Wednesday, May 28, 2008
Manusia yang Mengeluh

Artikel dari Ustad Joban

MENGELUH, sebenarnya memang sifat alami manusia, sangat manusiawi, dan diperbolehkan… tidak ada larangan untuk mengeluh! Tetapi, seringkali diantara kita ini, sebagian besar TIDAK MAU BELAJAR dari pengalaman kesulitannya. Semua orang pasti punya masa lalu, ada yang baik dan ada yang buruk.
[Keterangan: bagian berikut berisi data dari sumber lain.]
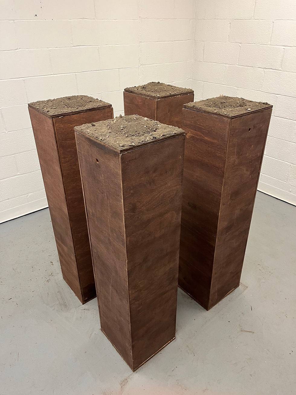 Wood, Soil, Seed branch, Glass, Grape vine, Cigarettes, Micro LED, Burlap
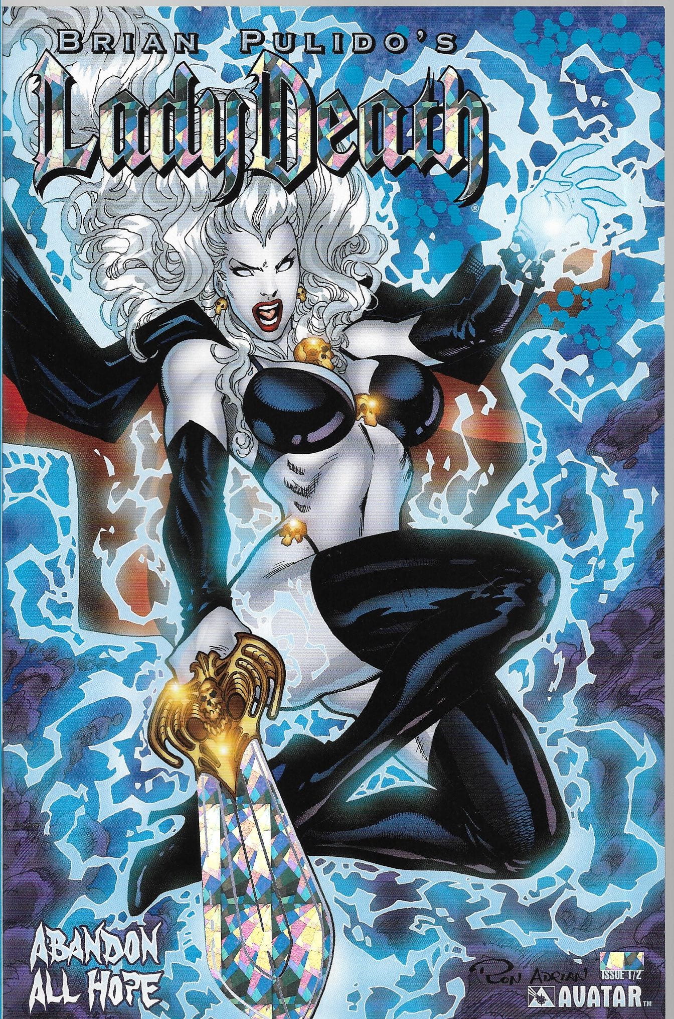 Wydawnictwo: Avatar . Tytuł : Brian Pulido's Lady Death : Abandon all Hope 1/2 /2005 . Komiks w języku angielskim. 16 stron. Stan Dobry : okladka lekko poprzecierana i minimalnie poprzyginana . Okladka z elementami FOIL .

Nah, masa lalu yang buruk ini semestinya jangan menjadi beban, tetapi jadikanlah itu suatu pengalaman dan pelajaran kehidupan.

Saya ingin mengingatkan kepada kita semua, tentang sabda Nabi Muhammad SAW, yang sudah sejak awal memberikan nasihat, agar kita MENJAGA LIMA HAL, SEBELUM DATANG LIMA HAL lainnya, yang menjadi KEBALIKANNYA, sebagai berikut:

Masa muda, sebelum datangnya masa tua.

Kesehatan, sebelum sakit.

Kekayaan, sebelum kekurangan.

Waktu luang, sebelum kesempitan.

Kehidupan, sebelum kematian.

Nah, sebagian dari kita ini, lebih sering dan selalu berteriak meminta pertolongan ALLAH, ketika diperlihatkan SEDIKIT SAJA KESUSAHAN yang sebenarnya telah mereka buat sendiri. Tetapi mereka ini biasanya dengan cepat kembali DURHAKA kepada ALLAH, jika keadaan mulai membaik!

Dalam keadaan sulit, mereka yang mudah mengeluh ini seakan-akan bisa menghargai setiap nikmat ALLAH sekecil apa pun. Tetapi, saat mereka sedang berada di dalam gelimang harta, kesuksesan, kelihatan memejamkan matanya dari mereka yang butuh bantuannya, bahkan bisa saja mereka menari-nari di atas penderitaan orang lain. Mudah sekali menghamburkan uang untuk berfoya-foya, bahkan berbuat maksiat!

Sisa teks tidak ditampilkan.